A boatload of recently-charted country singles have relied heavily on ingeminated similes and/or coded symbolism as a crutch, with some proving more poetic than others. With the Zac Brown Band, it was “sweet red wine” in their hit “Whatever It Is.” With Uncle Kracker’s “Smile,” it was a flower poking a sidewalk crack and the flip side of his pillow. With Josh Turner’s “Firecracker” it was, well, firecrackers. “Beautiful Every Time” can be added to this long, ever-accumulating line of country songs tailor-made for Hallmark’s Musical Greeting Cards division.

The track is also marred by bewildering production inconsistencies. As truly vigorous as Brice’s vocals often are (he shines during the song’s anthemic chorus), his pitch unfortunately vacillates from one extreme to the other throughout the verses. This becomes apparent in the track’s second verse, where he tends to selectively enunciate specific words and syllables with inflection, while other words and syllables are left sounding hushed or muted altogether. By the song’s bridge, in stark contrast to the smooth ebbing of the song’s central guitar riff, an unnecessarily loud guitar solo surfaces to the point of distraction (you almost have to remind yourself you’re at the beach, rather than at an air show soundcheck).

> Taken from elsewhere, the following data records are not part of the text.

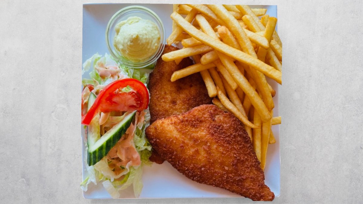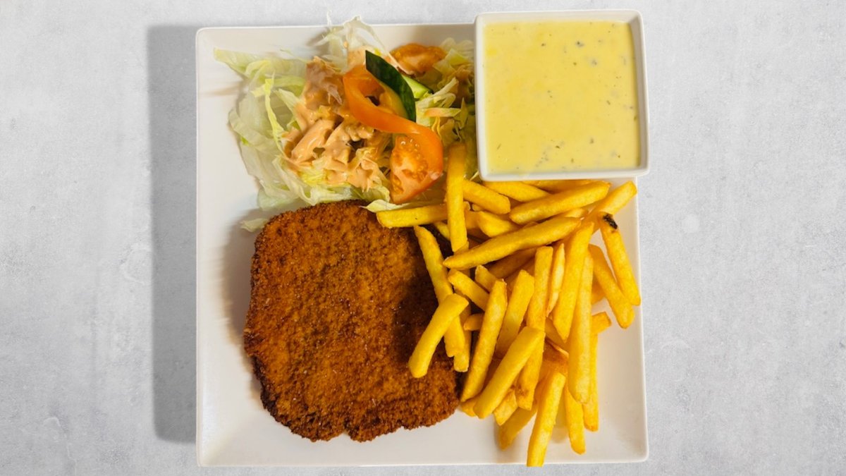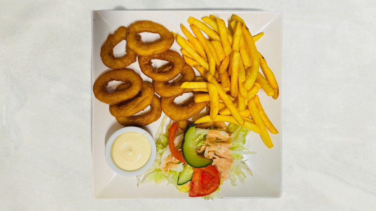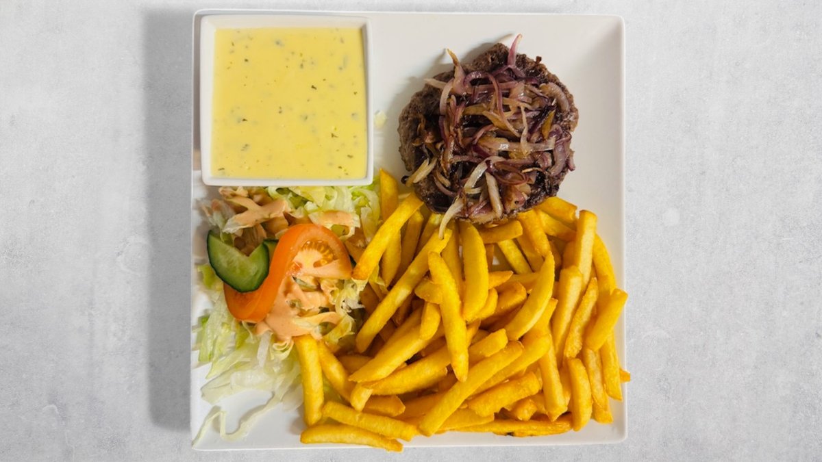 Serveres med bløde løg, pommes frites, salat og bernaisesauce.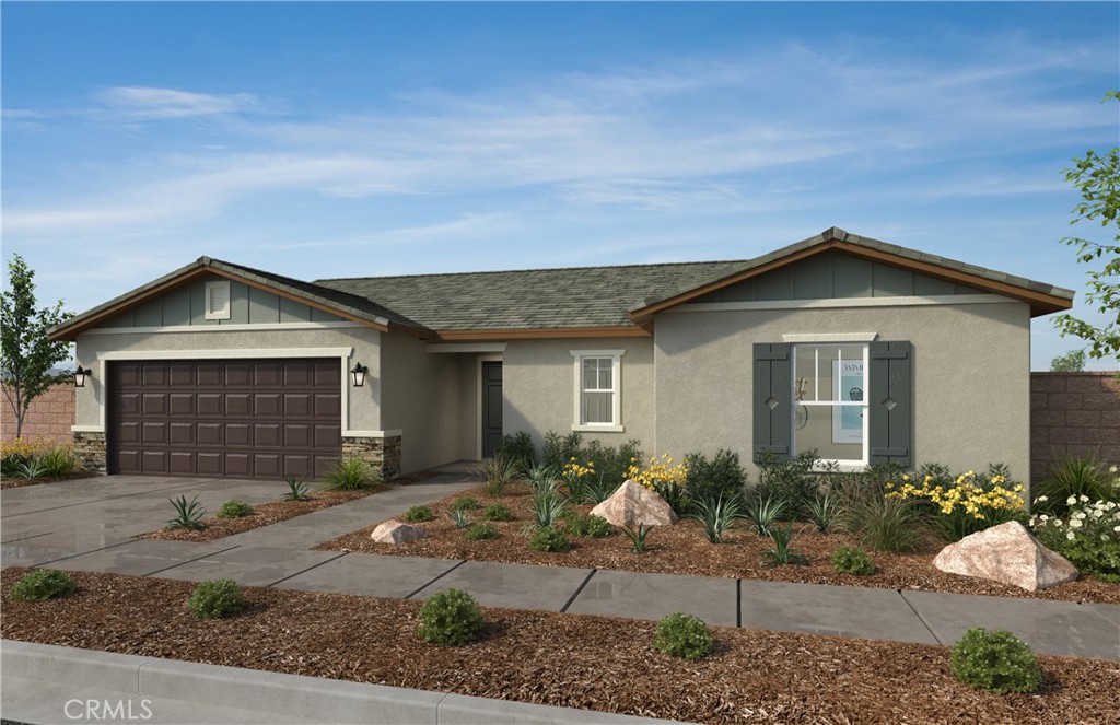 Single story community located right off of Domenigoni Parkway, quick access to the shops in Menifee. The home features white cabinets with quartscountertops, and the option for a 3rd car garage. Come and build your dream home in a beautiful neighborhood. 5 acre park walking distance. Home has 3-4 bedrooms, 2 bathrooms and a beautiful open concept. Photo is rendering of the model. Buyer can either lease or purchase the solar.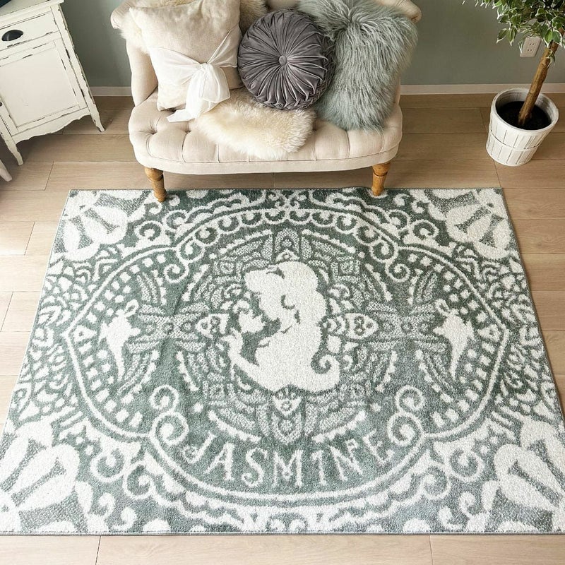 繊細なアラビック模様とジャスミンが描かれたデザインラグ。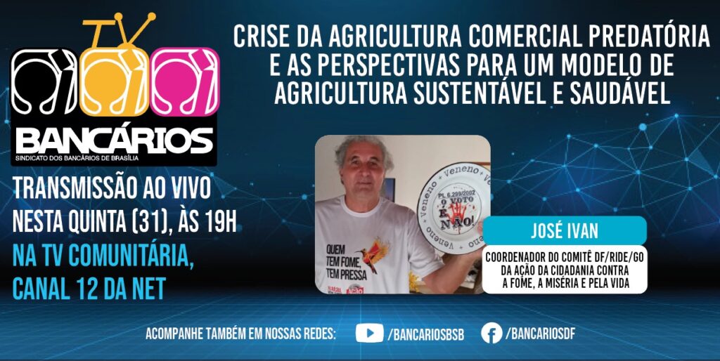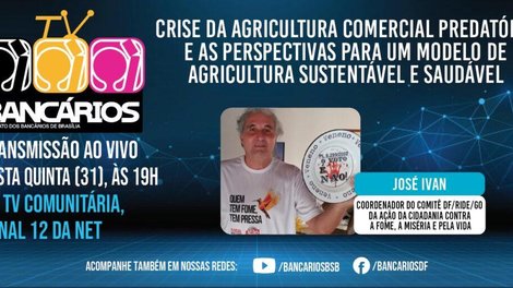 O TV Bancários desta quinta-feira (31) aborda os impactos e as crises do agronegócio predatório e discute as perspectivas para um modelo de agricultura sustentável e saudável. O convidado do programa é José Ivan, coordenador do Comitê DF/RIDE/GO da Ação da Cidadania Contra a Fome, a Miséria e Pela Vida e presidente do Conselho de Segurança Alimentar e Nutricional do Distrito Federal (CONSEA/DF).

Finally, by the final chorus—when he achieves bombastic liftoff—his vocals become overpowering to the point the words and syllables he bellows almost sound spliced together, due in large part to a hot-cold faucet style of editing.

Still, Brice has an honesty and impressionability to his performance that elevates this track to the point that it’s easy to like. Much like the cropped beard and backwards cap he sports on his album cover suggests, Brice comes across sounding genuinely like the guy-next-door.

Given that this is curiously being released at the beginning of autumn, it stands to reason that Curb is making a wager on another 40+ week “Miracle of the Meadowlands” type of run, one that will outlast the impending cold months and blossom in the late spring of next year. Whether he succeeds or stalls in a similar way as recent follow-up releases from David Nail and James Otto have on the heels of massive slow-and-steady-wins-the-race hits remains to be seen, but I would bet this is a track country radio will milk for all it’s worth in the months ahead, ensuring that Brice will overcome the next hurdle many emerging artists face on the road to broader stardom.

However, as far as long-term strategizing is concerned, “Beautiful Every Time” contributes little in the way of differentiating Brice from the hordes of likeable, cordial, simple-minded guys-next-door you’d love to have a PBR with if provided the chance. That said, Brice can rest assured, thanks to this release, that he won’t be relegated to the bleachers.

But, he may find himself on second-down and 16.